Apparently, since Japan they have discovered a technique by which it would be possible to create both fresh and saltwater artificially. Thanks to this, the doors to the breeding of aquatic species in mountain areas will be opened, allowing the inhabitants of Cambodia – the area where the tests are being carried out – to open three shrimp farms in their mountains this same summer.
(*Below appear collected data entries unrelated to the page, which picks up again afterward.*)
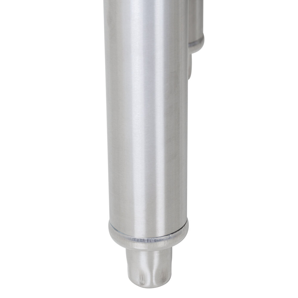 Mounted on 4 strong, 1 5/8" galvanized steel legs, this unit will be sure to remain upright and secure. For superior balance and stability, the legs feature 3" gussets that provide more durability than the standard 2" gussets found on many other tables. In addition, the 1" adjustable bullet feet resist corrosion and allow you to level your table on uneven floors for stability and peace of mind.
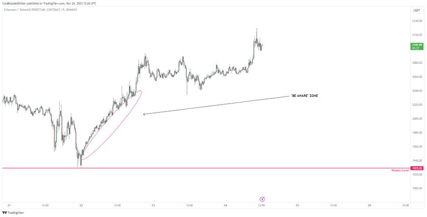 ColdBloodShill stwierdził, że Ethereum może powrócić do regionu 1900-2000 USD przed wznowieniem poprzedniego trendu wzrostowego. Napisał na Twitterze, że: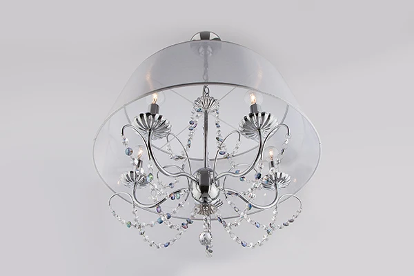 Подвесная люстра Eurosvet Gloria 10068/5 хром/прозрачный хрусталь Strotskis от Eurosvet, подходит для спальни, в стиле арт-деко. Материал — металл, цвет хром, плафон из ткань, цвет плафона серебряный, форма плафона — круглый абажур. Модель имеет 5 ламп, цоколь E14, мощность 40 Вт. Направление света — вниз. Габариты: высота 420 мм, ширина 560 мм. Декор — хрустальные подвески, коллекция Gloria.
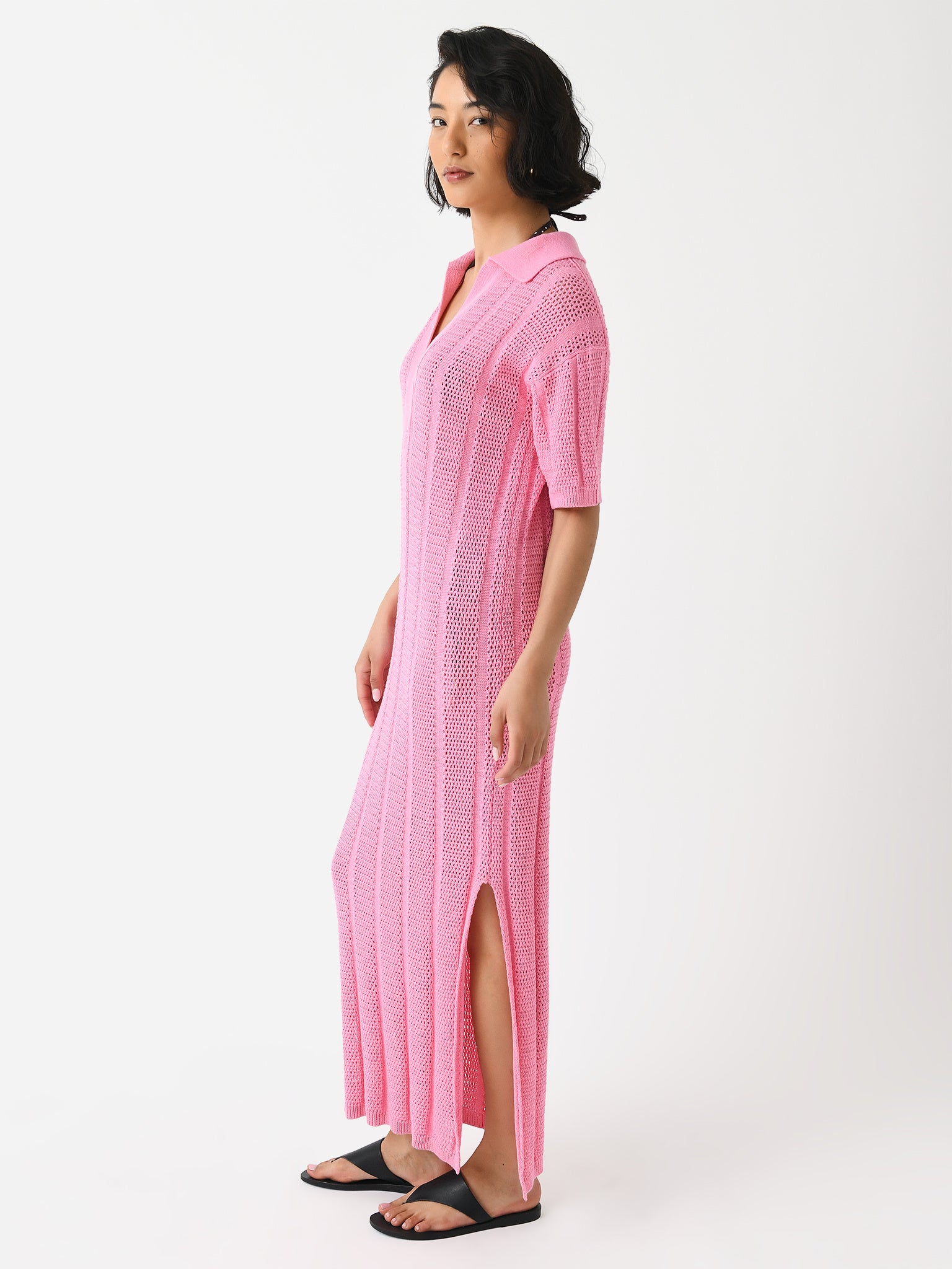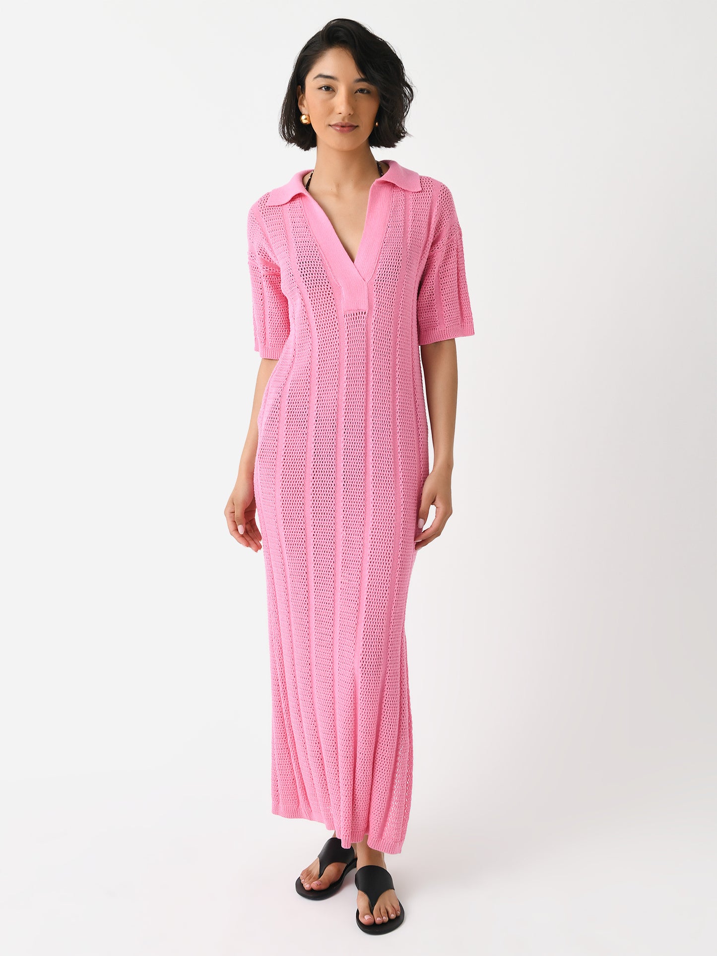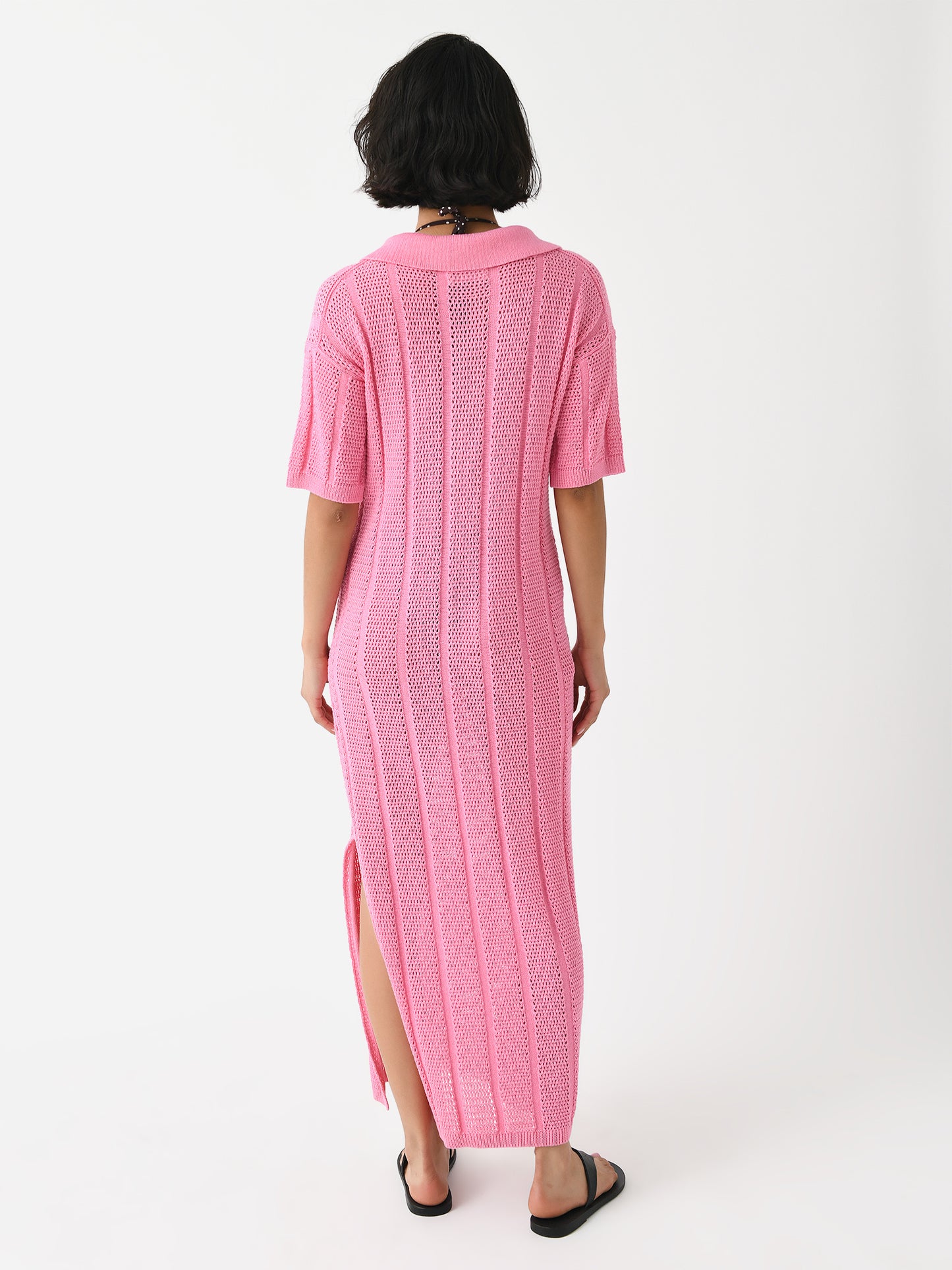 A versatile polo-style dress constructed from Pima cotton with a lace-mesh stitch.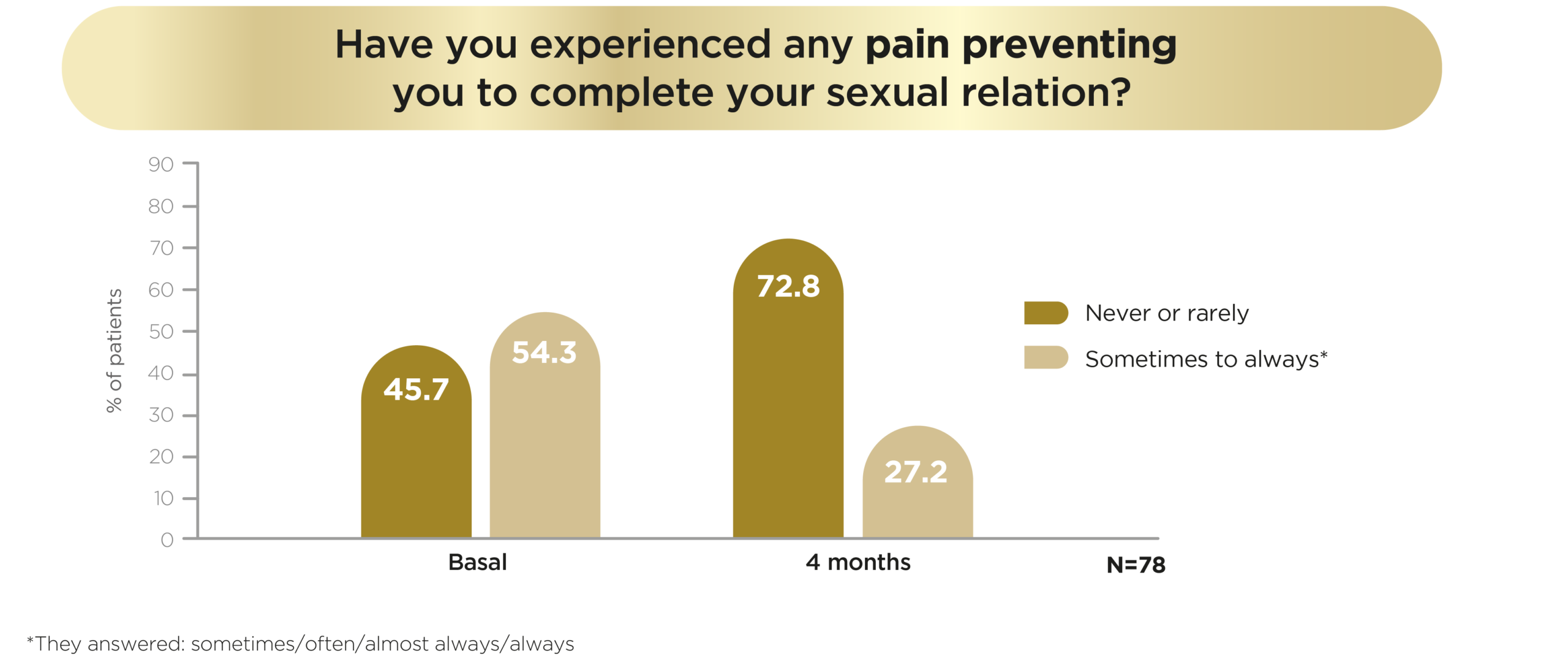 Of women experienced in pain relief during sexual relations (dyspareunia).

What does this process consist of?

The technique has been developed by a science professor at the University of Okayama named Toshimasa Yamamoto. The process for creating artificial water consists of mixing fresh water with the right amount of minerals; including salts, potassium and calcium in its proper measure. Specifically, for each liter of water, 10 grams of these minerals are added. Thanks to this amazing new technique, a mountainous area can be turned into a totally suitable place for the breeding of marine species. Since the technique was patented in 2012, experiments have been done with tiger fish and eels.Many scientists have long believed that aquaculture in mountainous areas could assist in the eradication of poverty and malnutrition. Until now, the problem was the poor quality of the waters in the area and the diseases derived from their consumption. Thanks to the use of artificial water from the project, there is a lower incidence of diseases due to the fact that it presents properties that do not exist in nature, which greatly hinders the proliferation of infectious agents normally present in fresh and salt water. In addition, species reared in this medium have been found to grow at a much faster rate than those reared in their natural habitat. This is thought to be due to the fact that fish do not lose as much energy in osmoregulation (the way they have to regulate the osmotic pressure of their body) as they do in their natural habitat.

This technique, which has been called the third water, has the objective of reducing the current dependence on the oceans, which according to Yamamoto can be strongly affected by the climate and other variables. Another advantage of these Cambodian aquaculture farms is that there is no need to regulate the temperature of this third water, since in the region they enjoy high temperatures throughout the year. Still, if the technique is progressively extended to other countries, the use of electricity may be necessary to keep the water at a certain temperature. For this reason, various ecological ways of heating water and reducing electricity costs, such as geothermal and solar energy, are already being studied.